Шрифт:
Закладка:
Ясное, чистое от горизонта до горизонта небо уже приобрело тот нежный серебристый оттенок, который, увы, был слишком недолговечен. Еще от силы девятина, и он сменится пресным, скучным серым свечением, в котором будет слишком мало тепла и слишком много уныния. Город застыл, очарованный прозрачной прохладой, хрупкой, как первая наледь на лужах.
Господин старший церемониймейстер, премного довольный и свежестью воздуха, и собственным хорошим настроением, грыз сочное твердое яблоко и размышлял, куда же ему направиться. Во дворец его перестало тянуть через седмицу после назначения на должность. Нет, он всем, решительно всем был доволен, наконец-то оказавшись на посту, о котором раньше и мечтать не мог - но необходимость присутствовать на королевских советах, где обсуждались вовсе неинтересные ему дела, но огромное количество документов, в каждый из которых приходилось вникать, чтобы не пропустить ошибку...
...и - особое и отдельное наказание: его величество.
Богоданного короля Элграса, чьему восхождению на трон господин Кертор поспособствовал не меньше прочих, старший церемониймейстер обожал. Когда его величество занимался всем, чем угодно: налогами и податями, армиями, законодательной деятельностью... и даже шутками над приближенными. Ненавидеть же начинал быстро, и пусть недолго - но люто, когда дело доходило до придворных церемониалов, организации балов, праздников и турниров. Всего того, что Элграс называл "глупостью расписной" и "дурью утомительной". Переупрямить коронованного мальчишку с манерами не то оруженосца, не то подзаборника было невозможно, переубедить - тем более; подчиняться же требованиям в духе "Все отменить!" было попросту неприлично. Приходилось доказывать, стенать, умолять, упрашивать, апеллировать к господину регенту.
На все это хотелось пожаловаться какому-нибудь разумному понимающему человеку. Желательно - с вкусом, не менее тонким, чем у господина церемониймейстера, и, конечно же, тому, кто сам понимает, почему большой бал в королевском дворце никак нельзя обозвать "валянием дурака".

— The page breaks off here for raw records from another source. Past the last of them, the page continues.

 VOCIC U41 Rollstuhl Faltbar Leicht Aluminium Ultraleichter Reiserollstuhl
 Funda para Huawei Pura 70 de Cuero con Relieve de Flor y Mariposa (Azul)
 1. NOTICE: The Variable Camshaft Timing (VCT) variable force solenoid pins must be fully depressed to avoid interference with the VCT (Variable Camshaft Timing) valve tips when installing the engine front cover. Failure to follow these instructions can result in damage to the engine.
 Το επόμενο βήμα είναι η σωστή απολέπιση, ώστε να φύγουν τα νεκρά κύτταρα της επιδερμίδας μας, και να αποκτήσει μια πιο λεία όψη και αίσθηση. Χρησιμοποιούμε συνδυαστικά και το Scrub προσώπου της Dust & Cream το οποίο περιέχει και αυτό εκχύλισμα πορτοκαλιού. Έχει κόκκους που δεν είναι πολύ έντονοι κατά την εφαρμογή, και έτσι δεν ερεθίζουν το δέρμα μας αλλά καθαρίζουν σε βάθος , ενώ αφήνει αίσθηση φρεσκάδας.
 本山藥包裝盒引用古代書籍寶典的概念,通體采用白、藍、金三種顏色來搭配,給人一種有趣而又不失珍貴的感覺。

Никто, кроме госпожи Эйма, на роль утешительницы и приятнейшей собеседницы, сегодня не годился. Реми уехал куда-то по неведомым делам, кажется, связанным с обороной столичных предместий (неведомо, от кого), а после того, как герцогом стал Фиор, в особняке Алларэ больше не собиралось компаний болтунов и бездельников, проводивших дни и вечера за сплетнями и салонными играми. Флэль считал это большой потерей для столичного общества, но господин регент - такой серьезный, почти святой - и изящный салон были бы несовместны, как тот же господин регент и государственная измена.
Проезжая верхом по улицам столицы, Флэль размышлял о том, что после воцарения его величества Элграса в Собре изменилось слишком многое. Здесь стало меньше легкого изящества, зато прибавилось серьезной деловитости. Короля не интересовали балы, регента не прельщала охота, членов королевского совета не воодушевляли парады. Даже Реми Алларэ, которого Кертор поначалу счел последним оплотом благородного образа жизни, взвалил на себя обязанности не только главы королевской тайной службы, но и временно замещал отсутствовавшего в связи со святым походом маршала Агро, а потому сделался отвратительно серьезен и невыносимо озабочен благом государства.

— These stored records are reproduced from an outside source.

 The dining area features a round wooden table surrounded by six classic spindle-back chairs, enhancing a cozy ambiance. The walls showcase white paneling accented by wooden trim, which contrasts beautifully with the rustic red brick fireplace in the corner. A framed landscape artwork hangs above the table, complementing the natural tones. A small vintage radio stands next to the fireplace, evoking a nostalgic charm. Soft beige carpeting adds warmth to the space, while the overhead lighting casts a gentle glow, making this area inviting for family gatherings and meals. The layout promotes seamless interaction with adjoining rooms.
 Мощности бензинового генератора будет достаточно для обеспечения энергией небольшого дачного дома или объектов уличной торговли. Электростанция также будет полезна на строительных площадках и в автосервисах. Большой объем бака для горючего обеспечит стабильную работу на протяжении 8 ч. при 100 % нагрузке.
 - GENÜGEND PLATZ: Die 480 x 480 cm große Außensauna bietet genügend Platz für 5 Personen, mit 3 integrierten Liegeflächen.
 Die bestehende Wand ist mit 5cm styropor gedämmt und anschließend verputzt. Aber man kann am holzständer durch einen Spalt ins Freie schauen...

И ладно бы испортился сам, но так и своего юного приятеля Кесслера, с которым раньше можно было фехтовать, болтать и пить - тоже испортил. Приставил к делу, завалил по уши перепиской, ведением протоколов и прочей невероятной ерундой.
Флэль вспомнил, как давеча удивился тому, что тайной службой восемь лет подряд управлял Реми. Благородный человек, да еще и глава Старшего Рода, занимающийся подобным ремеслом - это звучало диковато; еще лет двадцать назад только простолюдины соглашались марать руки таким занятием, теперь же оказалось, что в тайной службе его величества состояло немало собранских владетелей. Стоило бы запретить им это особым королевским указом: руководство цензорами, доносчиками и соглядатаями превращало изысканных светских людей в несказанных зануд и педантов.
Самым разумным человеком в Собране оказался пропавший невесть куда герцог Гоэллон - сумел-таки избежать советов, заседаний, обсуждений и всей прочей глупости государственной важности. Правда, за компанию с ним пропало и еще некоторое количество молодых людей, но принца Араона Кертор видеть не мог, а барон Литто был слишком уж серьезен и не то чтобы высокомерен, но к приятным собеседникам относиться уж точно не мог: из него же два лишних слова не выжмешь...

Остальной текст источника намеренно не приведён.